The net result is this: these reforms would raise enough over the next four years to pay down as much of the deficit as necessary. At the same time, 90% of taxpayers would be better off, while the top 10% would contribute a fairer share of their incomes. It does hit top-rate taxpayers hard — the cumulative effect of these changes will add 12.6% to their tax bills, most of that paid by the top few per cent.

As importantly Polly asks:

Is that politically feasible? Yes, if the Labour cabinet has the nerve to break with everything it has done so far. New exigencies require new policies, and it's time to break with the past. There are no votes to be lost by this. Few of the top 10% of earners vote Labour — and their complaints would be drowned out by the other 90%.

Politically, boldness such as this would leave Cameron and George Osborne again defending the wealth of the very few against the interests of the many.
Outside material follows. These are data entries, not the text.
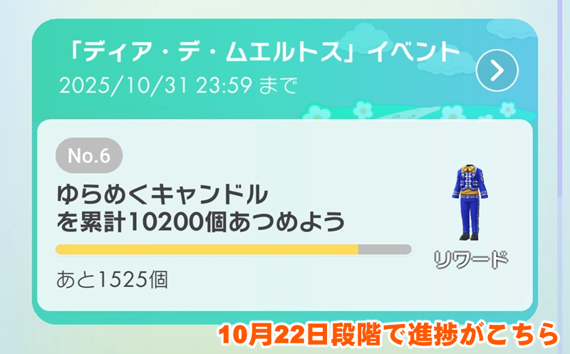 現在、トータル8675個なので最後のMiiコスチュームまでに必要な“ゆらめくキャンドル”の数は3325個。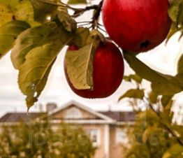 на участке различные плодово-ягодные деревья, кустарники, яблоневый сад.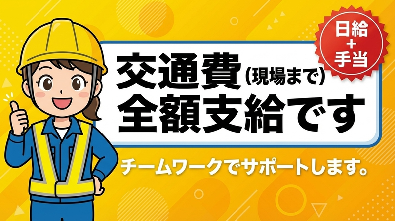 ✅日払いは現金手渡し✅全額100%支給✅さらに交通費も!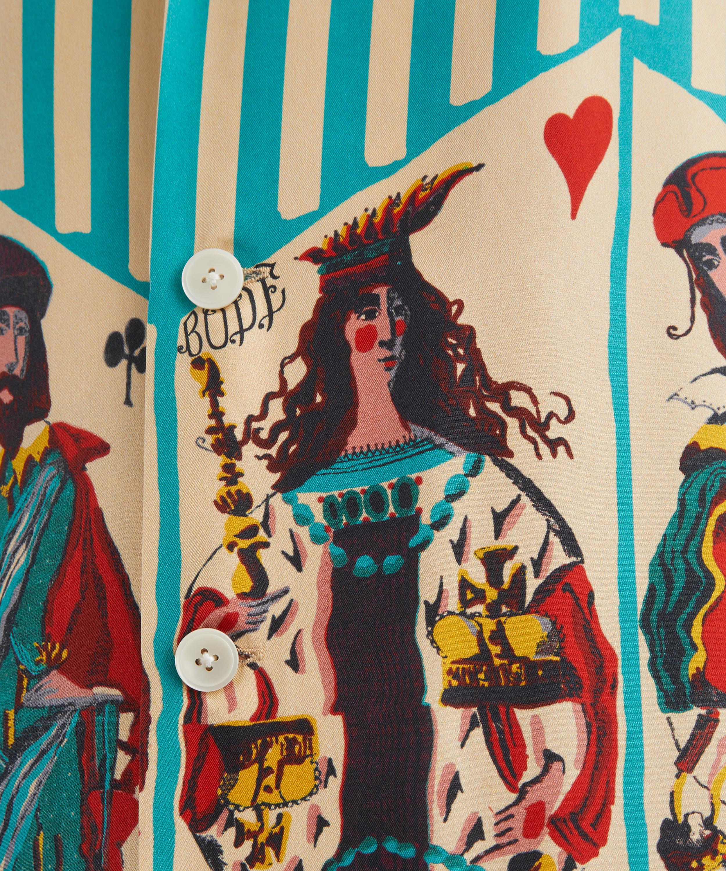 Crafted from pure silk, this short-sleeve shirt draws inspiration from the pack of cards in Alice’s Adventures in Wonderland. It’s printed with a playing-card motif set against a blue-green striped background, creating a whimsical yet refined finish.

Would most people prefer cuts in schools, hospitals, Sure Starts, police and just about everything else? Believe not a word the parties say about protecting frontline services: the cuts they plan are deeper than anything before and can't be confined to "bureaucrats" and "quangos". They will hurt everyone, they risk the recovery, and will cause another wave of unemployment.

And Polly has noted what we have said and others have yet to pick up on:

Among the startling figures in this report is the true cost of public sector cuts. Assuming a 10% cut in the 5 million public employees, 500,000 would lose their jobs. The sums here show that the gains are small compared with the cost to the state of added unemployment — and that's without the upfront cost of redundancy pay.

This is the reality of Conservative politics that we are facing.

And as Polly notes — please read the report before commenting. Informed debate is much the best way of getting to answers, which is precisely why I am involved in studies of this sort.

Thanks to Compass, and my co-authors, with whom it has been fun to work.